§ INSTRUCTIONS FOR THE TASK
From the listing below, give again exactly the lines from the line with "linguiça calabresa fatiada, cebola, azeitonas" to the line with "In October of", ends included, without any pictures.

§ RECORD EXCERPTS

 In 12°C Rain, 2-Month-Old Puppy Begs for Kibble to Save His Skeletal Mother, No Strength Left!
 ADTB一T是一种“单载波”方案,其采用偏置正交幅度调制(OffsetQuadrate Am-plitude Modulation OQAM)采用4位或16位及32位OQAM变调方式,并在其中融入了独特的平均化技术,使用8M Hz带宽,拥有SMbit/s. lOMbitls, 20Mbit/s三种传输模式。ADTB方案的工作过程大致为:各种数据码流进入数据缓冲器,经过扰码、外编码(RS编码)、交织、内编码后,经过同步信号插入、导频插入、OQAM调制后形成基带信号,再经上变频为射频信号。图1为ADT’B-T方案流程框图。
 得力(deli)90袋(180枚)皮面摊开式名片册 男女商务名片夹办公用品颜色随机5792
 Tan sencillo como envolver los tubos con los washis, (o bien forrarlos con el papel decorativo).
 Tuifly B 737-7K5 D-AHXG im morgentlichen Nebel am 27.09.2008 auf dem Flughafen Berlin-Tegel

---

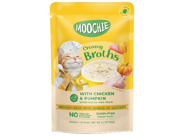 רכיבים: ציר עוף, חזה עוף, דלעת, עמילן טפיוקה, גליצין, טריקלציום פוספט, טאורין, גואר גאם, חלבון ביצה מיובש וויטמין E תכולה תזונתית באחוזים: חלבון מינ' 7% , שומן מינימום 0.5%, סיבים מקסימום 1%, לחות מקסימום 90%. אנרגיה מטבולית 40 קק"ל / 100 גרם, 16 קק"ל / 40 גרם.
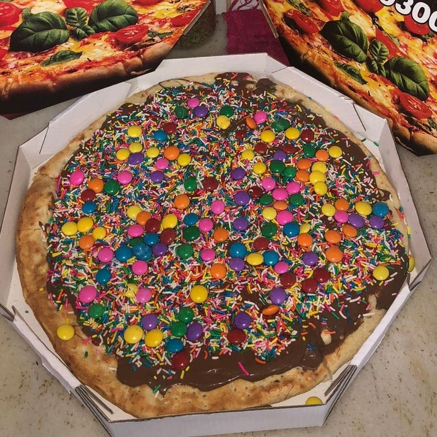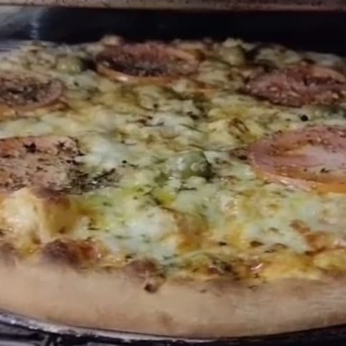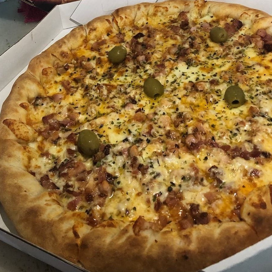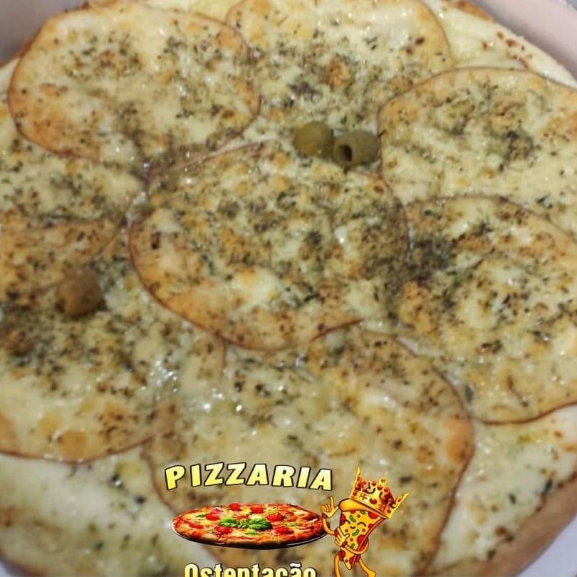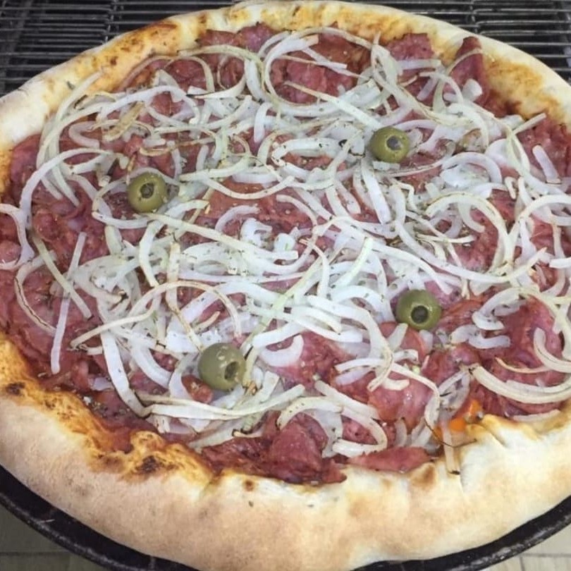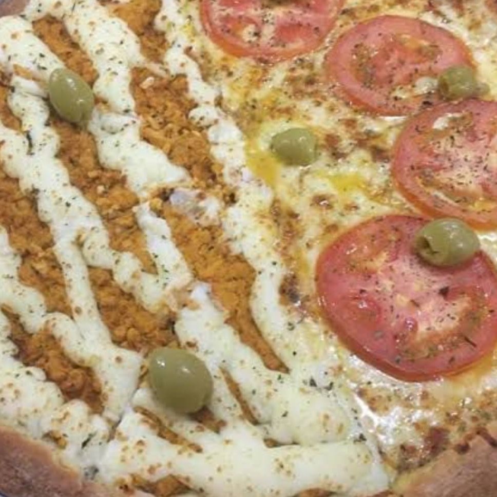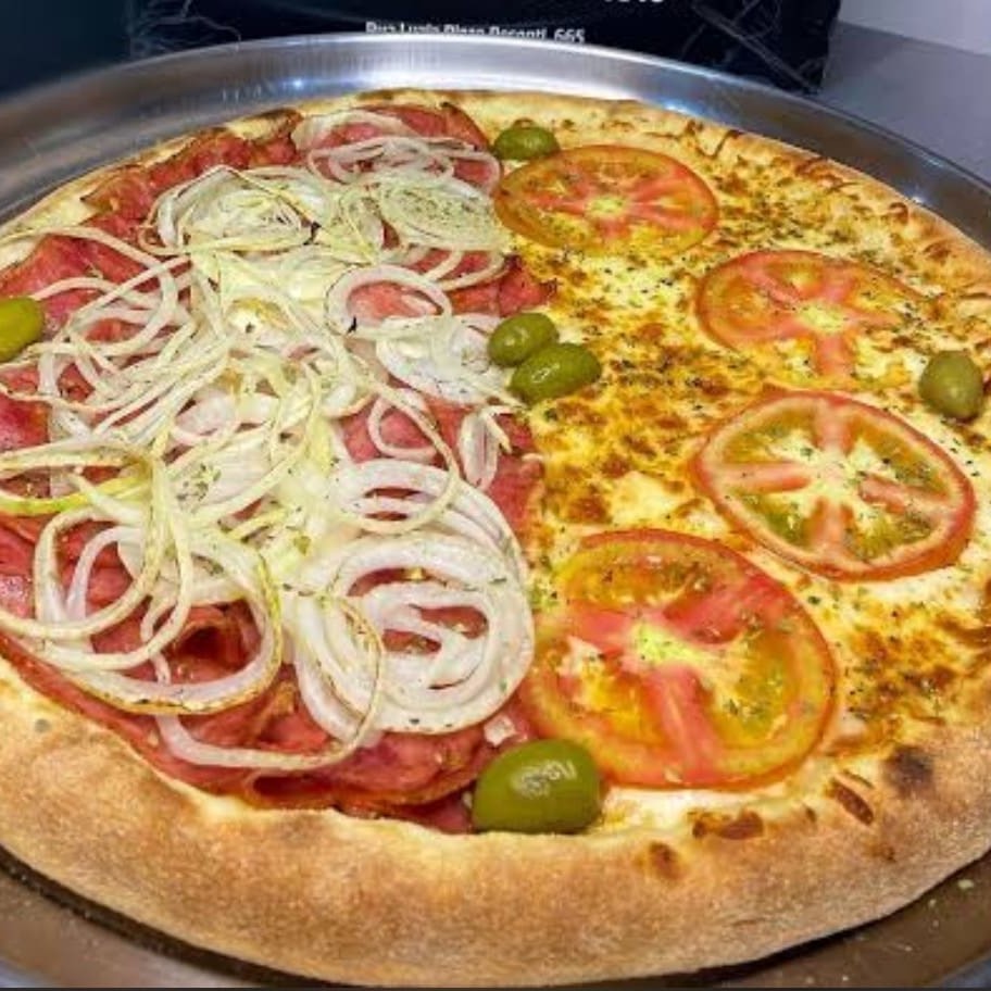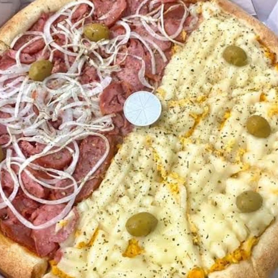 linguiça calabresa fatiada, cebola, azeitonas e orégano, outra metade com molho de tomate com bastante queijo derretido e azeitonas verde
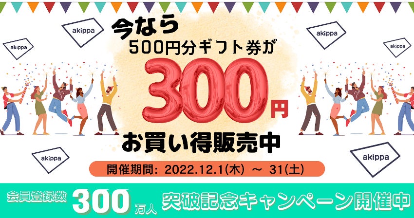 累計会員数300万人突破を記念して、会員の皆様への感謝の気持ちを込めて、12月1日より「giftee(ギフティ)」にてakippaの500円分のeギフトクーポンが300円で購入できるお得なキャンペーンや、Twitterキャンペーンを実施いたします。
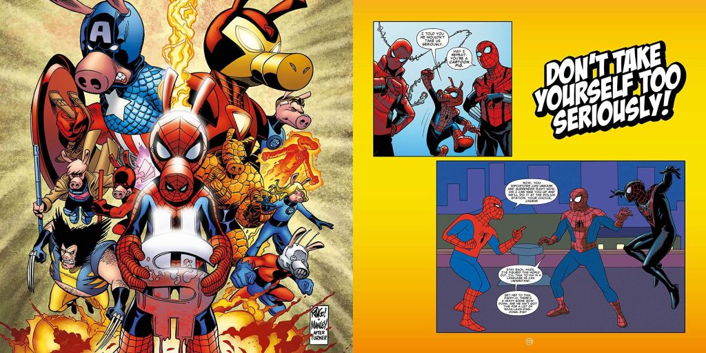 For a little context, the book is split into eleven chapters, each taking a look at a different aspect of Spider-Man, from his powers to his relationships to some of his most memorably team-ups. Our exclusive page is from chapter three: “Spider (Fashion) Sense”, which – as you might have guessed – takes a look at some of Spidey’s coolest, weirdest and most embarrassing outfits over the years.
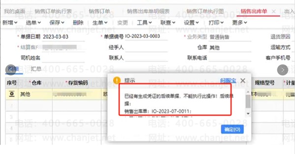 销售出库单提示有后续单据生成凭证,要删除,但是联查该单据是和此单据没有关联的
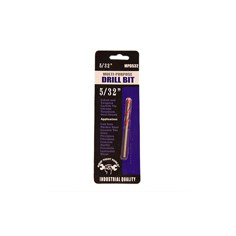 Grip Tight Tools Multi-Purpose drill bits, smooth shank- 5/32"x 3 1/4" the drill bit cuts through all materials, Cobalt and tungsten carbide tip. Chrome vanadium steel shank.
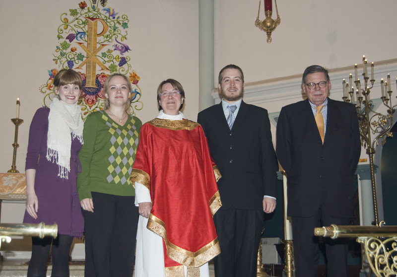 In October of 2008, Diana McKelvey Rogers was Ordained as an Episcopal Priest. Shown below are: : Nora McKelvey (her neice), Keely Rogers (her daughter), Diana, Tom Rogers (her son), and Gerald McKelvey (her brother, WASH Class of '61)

§ RESPONSE BELOW
 linguiça calabresa fatiada, cebola, azeitonas e orégano, outra metade com molho de tomate com bastante queijo derretido e azeitonas verde
 累計会員数300万人突破を記念して、会員の皆様への感謝の気持ちを込めて、12月1日より「giftee(ギフティ)」にてakippaの500円分のeギフトクーポンが300円で購入できるお得なキャンペーンや、Twitterキャンペーンを実施いたします。
 For a little context, the book is split into eleven chapters, each taking a look at a different aspect of Spider-Man, from his powers to his relationships to some of his most memorably team-ups. Our exclusive page is from chapter three: “Spider (Fashion) Sense”, which – as you might have guessed – takes a look at some of Spidey’s coolest, weirdest and most embarrassing outfits over the years.
 销售出库单提示有后续单据生成凭证,要删除,但是联查该单据是和此单据没有关联的
 Grip Tight Tools Multi-Purpose drill bits, smooth shank- 5/32"x 3 1/4" the drill bit cuts through all materials, Cobalt and tungsten carbide tip. Chrome vanadium steel shank.
 In October of 2008, Diana McKelvey Rogers was Ordained as an Episcopal Priest. Shown below are: : Nora McKelvey (her neice), Keely Rogers (her daughter), Diana, Tom Rogers (her son), and Gerald McKelvey (her brother, WASH Class of '61)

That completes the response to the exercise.